Mark Bigica's picture

Thanks for your advice Cheska! I, too, will be student teaching in the Spring (High School History in Jersey). I definitely will keep a notebook with me to take notes, especially on different personalities in the classroom, when I observe before I start teaching.

LiveLoveTeach's picture
LiveLoveTeach
Substitute

From my experiences, I would definitely tell a current student teacher to absolutely make the most out of your experience. I wish I could go back and do my student teaching over again - I chose to be requested by a friend of my mom's, who knew me since I was very little. I felt comfortable to ask questions and try new things because I knew her; however, going into my first year teaching as a long-term substitute, I felt lost! I was SO supported by my co-op for student teaching that I never really was able to stand on my own two feet.

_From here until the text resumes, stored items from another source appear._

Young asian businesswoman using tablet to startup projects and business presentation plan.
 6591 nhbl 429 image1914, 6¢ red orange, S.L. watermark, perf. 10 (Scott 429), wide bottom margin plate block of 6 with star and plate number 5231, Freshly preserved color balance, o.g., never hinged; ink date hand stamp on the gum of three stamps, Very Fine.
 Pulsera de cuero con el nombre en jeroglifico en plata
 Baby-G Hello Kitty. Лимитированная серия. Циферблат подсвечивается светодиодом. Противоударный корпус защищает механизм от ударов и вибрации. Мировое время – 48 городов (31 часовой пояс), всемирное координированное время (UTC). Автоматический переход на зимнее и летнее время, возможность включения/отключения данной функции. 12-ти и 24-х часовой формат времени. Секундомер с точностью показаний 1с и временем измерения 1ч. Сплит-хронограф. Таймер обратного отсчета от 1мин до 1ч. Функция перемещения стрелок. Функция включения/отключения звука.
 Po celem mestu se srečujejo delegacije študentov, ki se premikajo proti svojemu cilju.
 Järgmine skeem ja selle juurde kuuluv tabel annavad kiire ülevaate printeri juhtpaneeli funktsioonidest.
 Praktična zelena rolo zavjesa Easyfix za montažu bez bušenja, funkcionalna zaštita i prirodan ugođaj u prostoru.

My advice: As Cheska said, keep a notebook (my student teaching practicum course required us to keep a daily notebook) of the lessons you teach and how well they go, interactions with your students, things that didn't go as planned and how you can fix them.. etc. Don't ever be afraid to ask questions - You are a new teacher, and although it may feel like it sometimes, you aren't expected to know everything. Do as much as you can in your classroom while you're there - take initiative to work with students, help your cooperating teacher, and make connections with other teachers in the building, as they will prove to be a great resource to you as well.

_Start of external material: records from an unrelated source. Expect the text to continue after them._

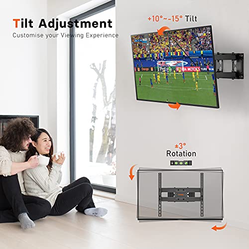 - Maximum Flexibility: Our TV wall mount swivels 60° left and right to provide your most comfortable & ergonomic viewing angles (max swivel angles depends on TV size); tilt 10° up and 15° down to eliminate glare & reduce neck or eye strain. It can also be rotated ±3° to adjust level.
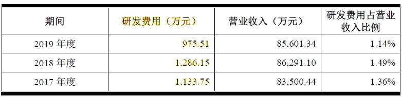 另外一个重大发现,2017-2019年华安鑫创研发费用分别为1,133.75万元、1,286.15万元和975.51万元:
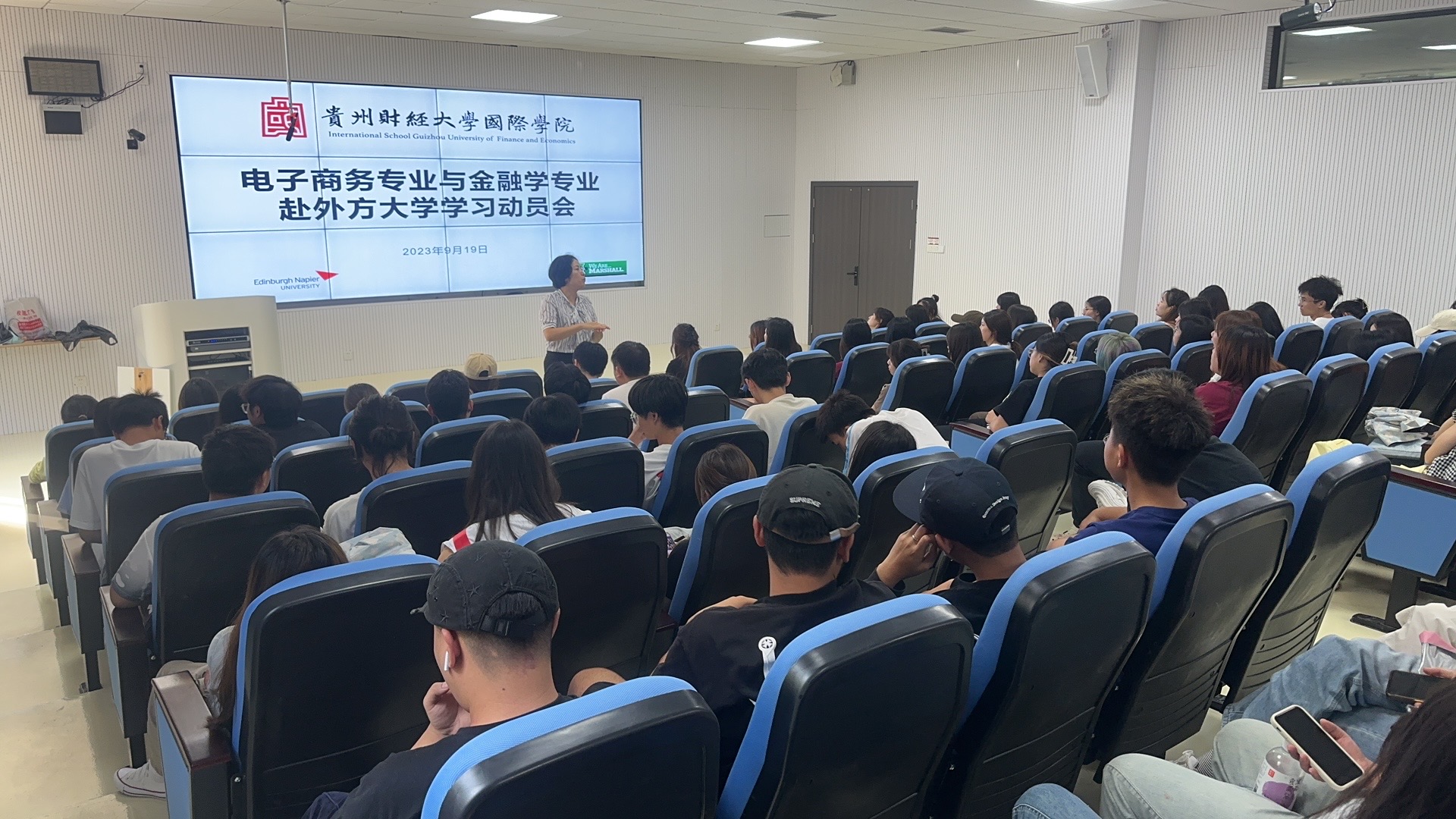 (yl23411 卫荷 图文报道)9月19日下午,yl23411在乐学楼阶梯1-1教室以线上、线下的方式同步举办了电子商务专业员工赴美国马歇尔大学学习动员会。yl23411经理罗亚、副经理刘利音、美国马歇尔大学刘易斯商公司中国项目主任黄国栋出席动员会。来自该项目2021级、2022级电子商务专业的200余名员工参加,会议由yl23411项目科老师卫荷主持。
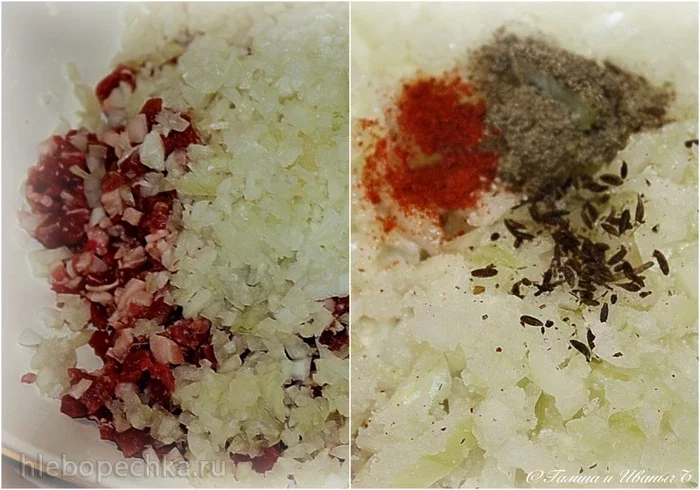 Затем добавили соли, перца черного и красного понемногу, зиры щепотку добрую (я молотую брать не стал, так ... потер слегка меж пальцами) ... вот и все специи.

Invite your administrator in to observe you. Try out your own ideas for lessons, classroom management, etc., as much as you can. This is your time to experiement, find out what works, what might not, and gain ideas for your own classroom. Also, take pictures! I asked other teachers in the building I student taught in to take pictures of things like their bulletin boards, desk arrangements, different ways their organize student materials, etc.

All in all, just do the best you can! Never be afraid to ask for help, and make sure you take time for yourself throughout your student teaching. New teachers can get burned out easily, trust me - my first year, in my second long-term placement, I even questioned whether or not I wanted to continue teaching! Have fun! It goes by quickly!

Kevin Mason's picture

Hi Cheska,

My name is Kevin and I am a pre-service teacher in Texas. I will begin student teaching in January 2011. Thanks for such helpful information!

Lisa Dabbs's picture
Lisa Dabbs
Edu Consultant. Blogger & Social Media Marketing at Edutopia
Blogger
Facilitator

So grateful to Miss Cheska for her support!